- WHAT TO DO: Could you write out exactly, and only, the lines from the one containing "Dünya tarihinde eşine" through the last line of the data, leaving out all pictures?

RECORDED DATA Start Marker

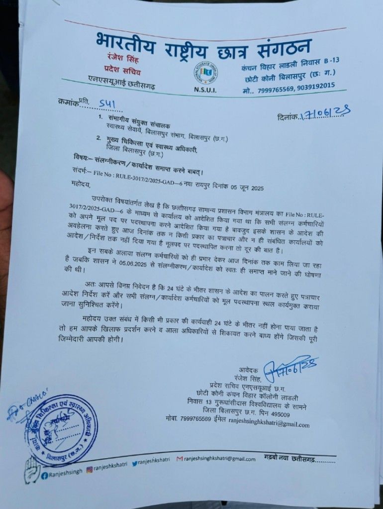 इस लापरवाही के खिलाफ एनएसयूआई ने मोर्चा खोल दिया है। संगठन ने विभाग को चेतावनी देते हुए कहा है कि यदि 24 घंटे के भीतर सभी संलग्न कर्मचारियों को उनके मूल पद पर पदस्थ करने की प्रक्रिया शुरू नहीं की गई, तो वे उग्र आंदोलन और प्रदर्शन करेंगे। इसके साथ ही उच्च अधिकारियों को लिखित शिकायत भी की जाएगी, जिसकी समस्त जिम्मेदारी स्वास्थ्य विभाग की होगी।
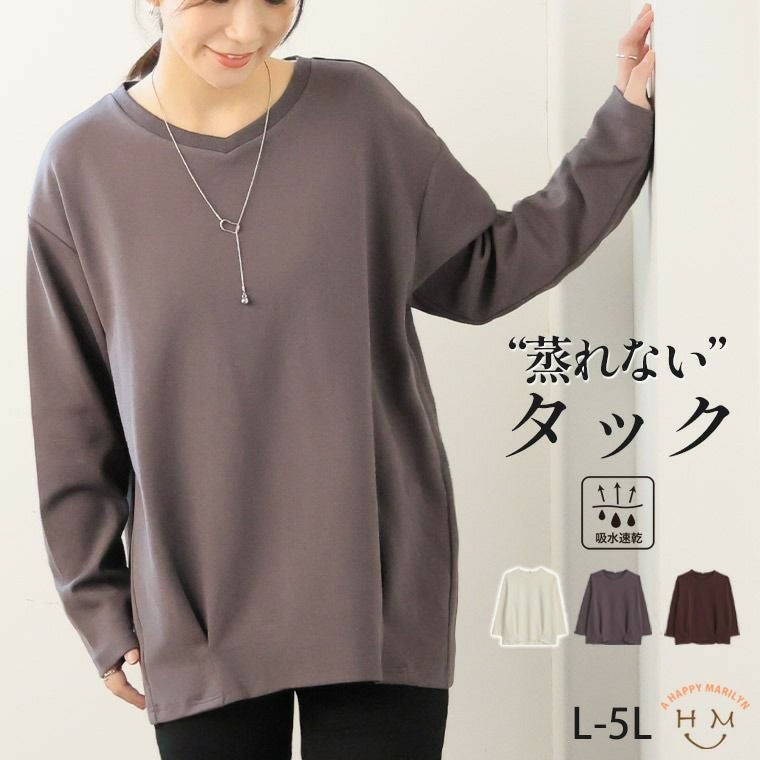 の蒸れ蒸れ汗も快適!前身切替え 裾タック プルオーバー
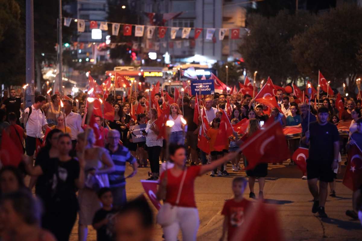 Dünya tarihinde eşine az rastlanır bir kahramanlık destanın yazıldığı Büyük Taarruz ve Başkomutanlık Meydan Muharebesinin 101.yılında Narlıdere’de yurttaşlar fener alayı Ulu Önder Gazi Mustafa Kemal Atatürk ve Cumhuriyetimizin ölümsüz koruyucularını andı. Yürüyüşte zafer şarkıları hep bir ağızdan söylenirken, bazı vatandaşlar büyük coşkuya evlerinin balkonlarından ortak oldu. Ellerinde bayraklarla Eski Güzel Sanatlar Fakültesi önünden Demokrasi Meydanı’na kadar Zafer Yürüyüşü gerçekleştiren binlerce vatandaş, 101 yıl önce yakılan bağımsızlık meşalesinin hiçbir zaman sönmeyeceğini yedi düvele haykırdı.
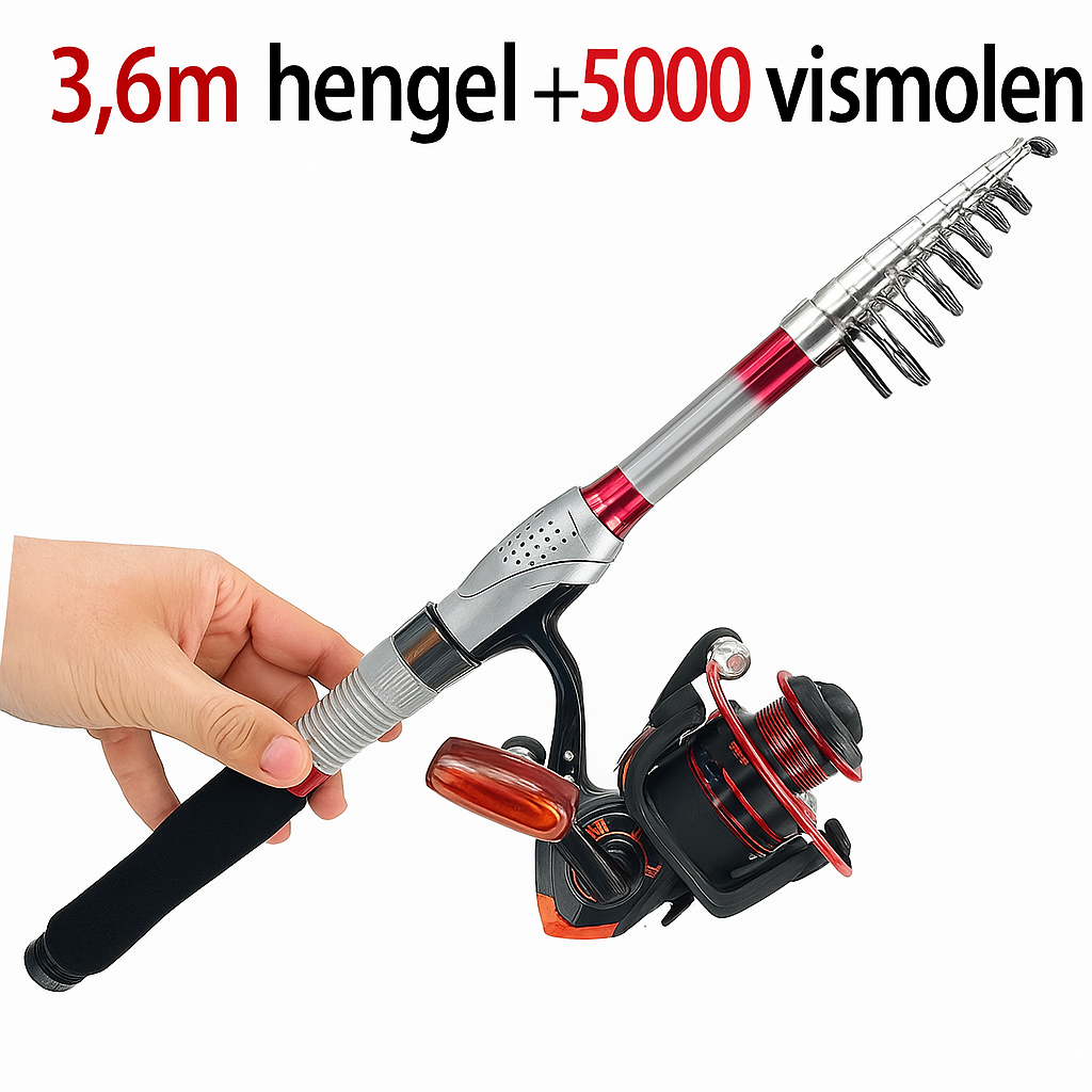 6 - Telescopische hengel 3,60 m en molen serie 5000

RECORDED DATA End Marker

- RESULT OF THIS TASK:
 Dünya tarihinde eşine az rastlanır bir kahramanlık destanın yazıldığı Büyük Taarruz ve Başkomutanlık Meydan Muharebesinin 101.yılında Narlıdere’de yurttaşlar fener alayı Ulu Önder Gazi Mustafa Kemal Atatürk ve Cumhuriyetimizin ölümsüz koruyucularını andı. Yürüyüşte zafer şarkıları hep bir ağızdan söylenirken, bazı vatandaşlar büyük coşkuya evlerinin balkonlarından ortak oldu. Ellerinde bayraklarla Eski Güzel Sanatlar Fakültesi önünden Demokrasi Meydanı’na kadar Zafer Yürüyüşü gerçekleştiren binlerce vatandaş, 101 yıl önce yakılan bağımsızlık meşalesinin hiçbir zaman sönmeyeceğini yedi düvele haykırdı.
 6 - Telescopische hengel 3,60 m en molen serie 5000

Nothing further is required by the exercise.